Its been a while!
I don't want anyone to stop chatting up this blog's more arcane topics because its rockin' my world...
but here's a demo in case you are jonesing for one.
This is what this piece currently looks like on the light table. Her arms aren't done yet, that's why they are blue and not purple.She is comprised of two layers. On the left is St. Just Blue on Clear #11. Very pale. Never underestimate how much color pale tones are in stained glass. The red is Lambert's R/cl 1001b.
About that red layer: people get freaked out about sandblasting "too much". The glass is pricey, yes, but you are paying for the layers, not the color. Sometimes you just have to be brave and sandblast like a maniac. Trust me on this.
This is the sketch (which I colorized in photoshop just for amuse myself.)
Here are some of the stages of the work: on the top left she's been sandblasted as a silhouette and I made some magic marker indications. I have done a little work with the flex shaft--but mostly I am starting to file the tones into the figure. The top middle shows a bit further along the process and the top right shows all the highlights filed into it.

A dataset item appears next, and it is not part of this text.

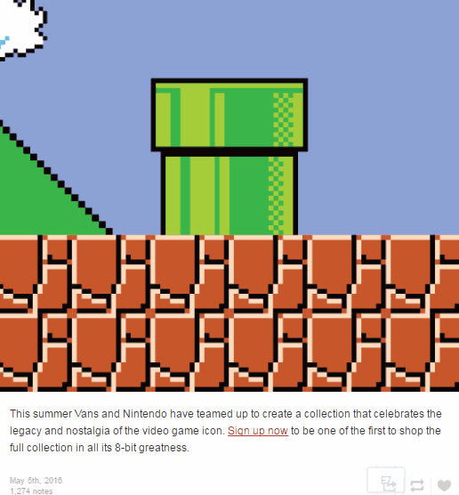 Örneğin, Nintendo Vans ile iş birliği yaptığını Tumblr üzerinden duyurdu ve aşağıdaki GIF ile duyuruyu harika bir şekilde özetlemiş oldu.

The bottom row is the two firings I did of the painting. As always I use stencil black vitreous paint. I did only the two firings.
This is a close up of the two layers together. She's purple now because I wiped some transparent red oil paint on her. I want to emphasize that its a teensy tinsy amount...and it has this huge effect of the color. This isn't lightfast. DON'T put oil paint on a window intended to receive UV light (that's THE SUN). This is not a technique that is appropriate for work installed in architecture.
OK--this is important so listen up!!!!!! I don't know how I want these windows to look like finished. I prefer to find out as I go. One of the things that's most important is trying things out in layers. So here are four pictures with sample layers taken from my "Bulk Failure" boxes to see what looks interesting--I'm just messing with colors and patterns here. This is crucial and one can learn a TON doing this. Don't assume you know what a layer is going to look like ahead of time. You don't! Its really amazing what happens and its a lot of fun, to boot.
It will eventually inspire the rest of the piece. Right now, I don't know who she is or why she's wearing a fishnet bodystocking that makes her look like a cheese hanging in the Italian Market. As soon as she's happy with her outer layer, I am certain she'll let me know!